- Exercise data
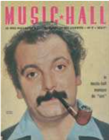
Music-hall, octobre 1955

L'exposition quitte l'intimité de la composition pour les lumières de la scène. On découvre les débuts timides de celui qui n'avait à l'origine pour ambition que d'écrire pour les autres. Plusieurs rencontres sont décisives dans la carrière de Brassens : celles avec le chansonnier Jacques Grello, la chanteuse Patachou, le découvreur de talents de l'époque Jacques Canetti. Des premiers pas sur scène dans les cabarets en 1952, à la consécration en 1954, le succès de Brassens est fulgurant. L'artiste à la dégaine d'« ours mal léché » devient un familier des grandes salles parisiennes : il se produit au TNP, à l'Olympia (9 concerts), et fait sienne la grande salle de Bobino (13 concerts !). Le sédentaire passait également de longs mois en tournée. Homme de scène, l'artiste raconte également à lui seul une histoire du disque en France, depuis l'arrivée du microsillon au succès du 33 tours. Philips inaugura une presse uniquement destinée à la production Brassens ! En 1984, il avait vendu plus de 33 millions de disques. Quand on songe que les premiers furent retirés de la vente pour cause de censure !
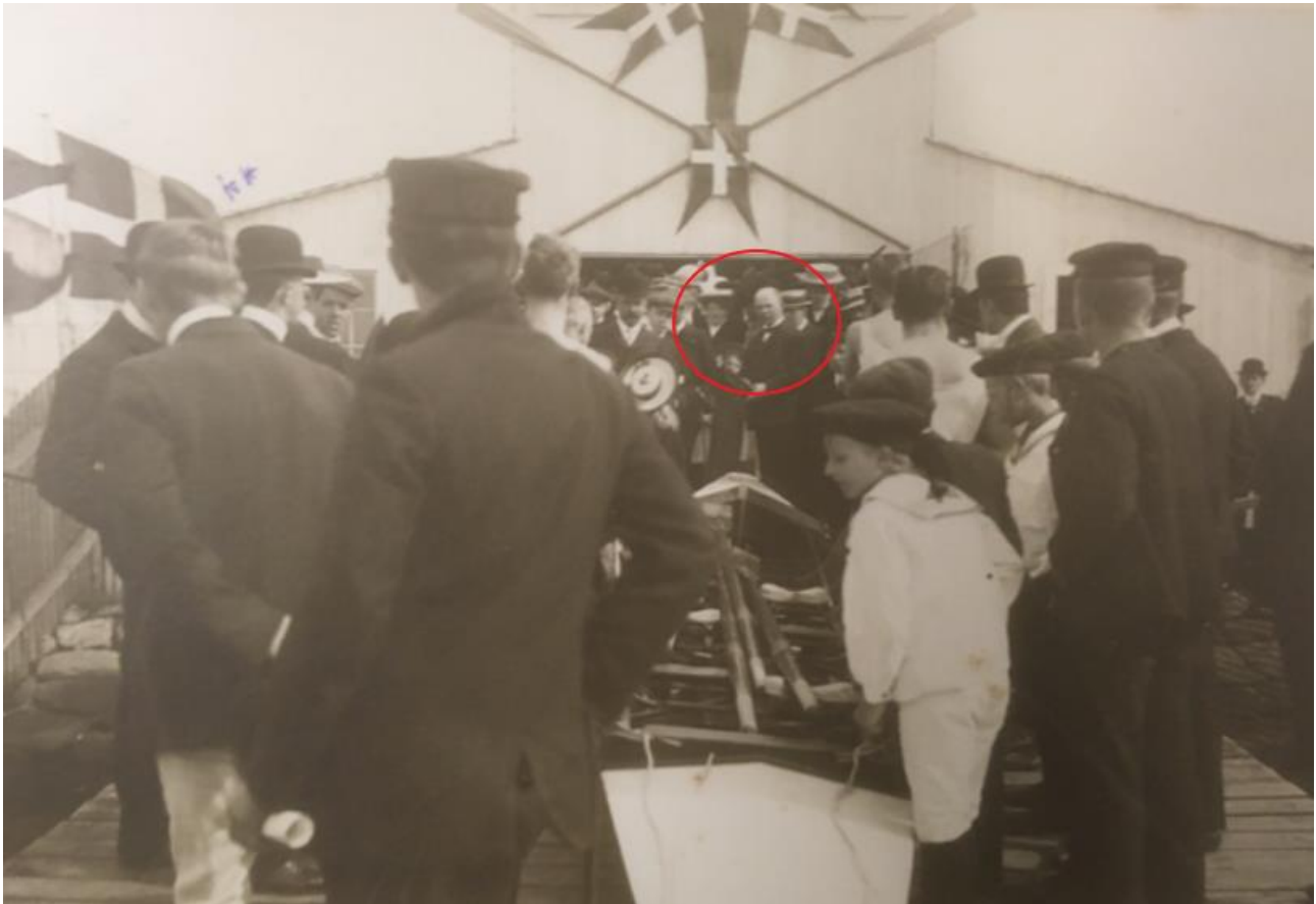
3 Bådedåb 9. maj 1909.

- Goal of the exercise
When you retype the material above, copy each line exactly and drop whatever images appear in it.

- Written response
Music-hall, octobre 1955

L'exposition quitte l'intimité de la composition pour les lumières de la scène. On découvre les débuts timides de celui qui n'avait à l'origine pour ambition que d'écrire pour les autres. Plusieurs rencontres sont décisives dans la carrière de Brassens : celles avec le chansonnier Jacques Grello, la chanteuse Patachou, le découvreur de talents de l'époque Jacques Canetti. Des premiers pas sur scène dans les cabarets en 1952, à la consécration en 1954, le succès de Brassens est fulgurant. L'artiste à la dégaine d'« ours mal léché » devient un familier des grandes salles parisiennes : il se produit au TNP, à l'Olympia (9 concerts), et fait sienne la grande salle de Bobino (13 concerts !). Le sédentaire passait également de longs mois en tournée. Homme de scène, l'artiste raconte également à lui seul une histoire du disque en France, depuis l'arrivée du microsillon au succès du 33 tours. Philips inaugura une presse uniquement destinée à la production Brassens ! En 1984, il avait vendu plus de 33 millions de disques. Quand on songe que les premiers furent retirés de la vente pour cause de censure !
3 Bådedåb 9. maj 1909.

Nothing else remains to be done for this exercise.